- Born: April 3, 1975 (age 51) Medford, Massachusetts, U.S.
- Height: 6 ft 0 in (183 cm)
- Weight: 210 lb (95 kg; 15 st 0 lb)
- Position: Center
- Shot: Right
- Played for: Boston Bruins New York Islanders HIFK EC KAC
- National team: United States
- NHL draft: 103rd overall, 1993 Boston Bruins
- Playing career: 1997–2010

= Shawn Bates =

American ice hockey player (born 1975)

Shawn William Bates (born April 3, 1975, in Medford, Massachusetts) is an American former professional ice hockey center. He played in the National Hockey League for the Boston Bruins and New York Islanders.

==Playing career==

=== College ===
Bates played four seasons with the Boston University Terriers.

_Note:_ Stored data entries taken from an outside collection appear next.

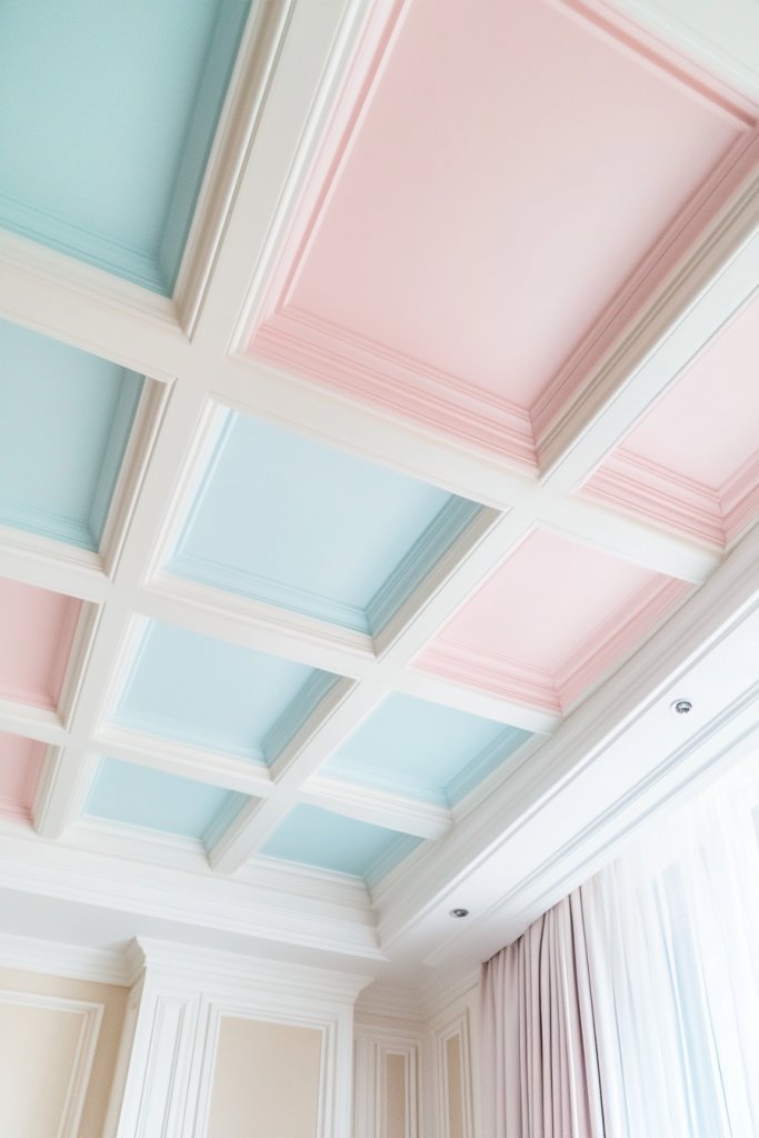 Decorate the edges of the coffers with metallic or pearlescent paint for a gentle shimmer. Add soft textiles like a velvet or silk fabric in the surrounding area to amplify the softness. Installing subtle LED lighting inside or around the coffers can provide a warm glow that enhances the pastel effect. Personal touches like custom trim or gentle curves can make each ceiling uniquely yours.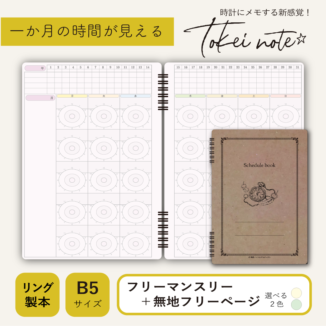 B5マンスリー・時計ノート☆/フリーページ無地ver
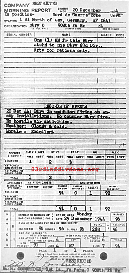 Btry in position firing on enemy installations. No counter Btry fire. No hostile air activities. Weather: Cloudy & cold. Morale: Excellent.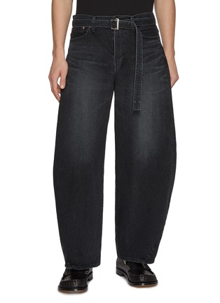 This sacai jeans redefines utilitarian style with its oversized, baggy silhouette and adjustable belted waist, blending functional details with avant-garde comfort. The dark wash denim and relaxed fit create a bold, contemporary statement for modern wardrobes.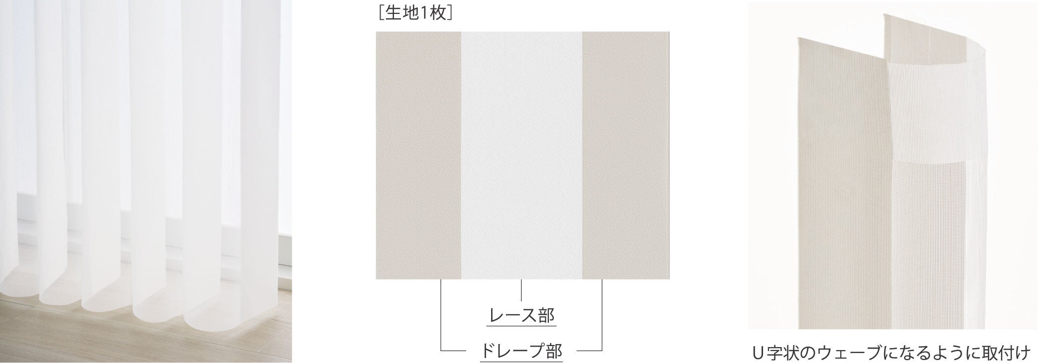 ドレープ:シンプルで緻密な組織とマットな風合い/レース:ドレープに合わせたシンプルな意匠性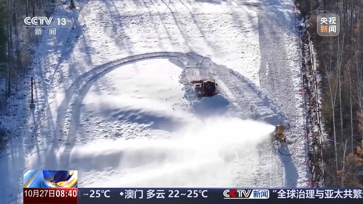 在漠河市北極村,滑雪場(chǎng)也已進(jìn)入開滑前的沖刺階段,造雪機(jī)、壓雪車24小時(shí)不間斷作業(yè),預(yù)計(jì)下周就能開板。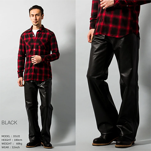 - 商品名 レギュラーフィットブーツカットレザーパンツ メンズ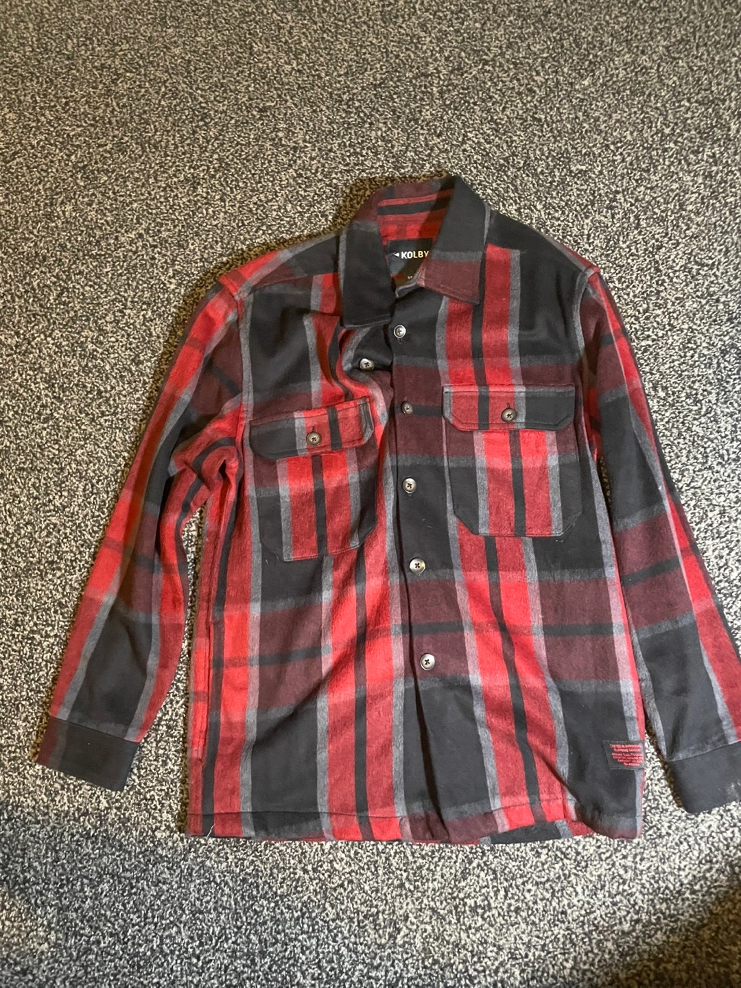 Cozy Kolby flannel shirt in a classic plaid pattern. This shirt is a size men’s smalland features a stylish red, grey, and black colour scheme. Perfect for layering or wearing on its own! Used about 1-2 times only. Bought it for about 25-30 dollars
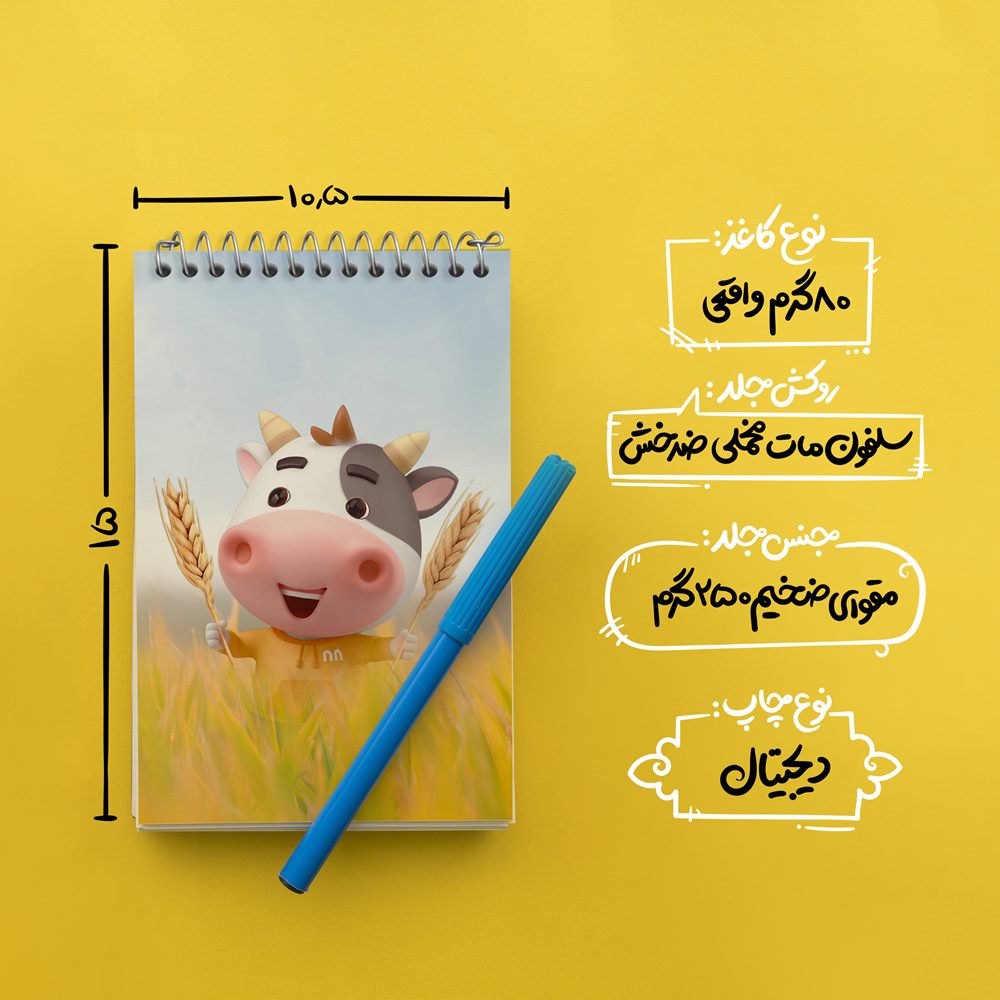 برند خندالو در زمینه تولید انواع دفاتر فانتزی و تحصیلی فعالیت میکند که به دلیل جذابیت ظاهری و طرح های متنوع طرفداران زیادی دارد. دفتر یادداشت خندالو طرح گاو محصولی مناسب برای همه عاشقان لوازم التحریر است و همچنین همه کسانی که بنا به موقعیت تحصیل یا شغلشان با دفتر و نوشت افزار زیاد سر و کار دارند. در تولید دفتر یادداشت خندالو طرح گاو از نوع صحافی فنر مارپیچ استفاده شده که در این نوع صحافی برگه‌ها به راحتی چرخیده و یا بیرون آورده می شوند.

In his four years he helped lead the team to the Frozen Four each year. Bates' teams appeared in two NCAA Finals and won the NCAA Championship in 1995, Bates was named to the All Tournament team. Overall, Bates compiled 73 goals, 71 assists, 144 points, and 190 penalty minutes in a total of 160 games.

=== NHL ===
Bates was drafted by the Boston Bruins in the 1993 NHL entry draft, 4th Round, 103rd Overall. After four years with the Bruins, he was signed as a free agent by the Islanders on July 7, 2001. Bates is remembered most for scoring on a penalty shot in Game 4 of the Islanders' Eastern Conference Quarterfinal playoff series against the Toronto Maple Leafs. Bates beat Maple Leaf goaltender Curtis Joseph top shelf to give the Islanders a 4–3 lead with 2:30 to go in regulation, and the Islanders went on to win the game and tied the series 2–2. The penalty shot was the third playoff Penalty Shot in Islander history and the first to be successful. After injuries limited Bates to two games in 2007–08, he was placed on waivers by the Islanders on June 27, 2008, and ultimately had his contract bought out.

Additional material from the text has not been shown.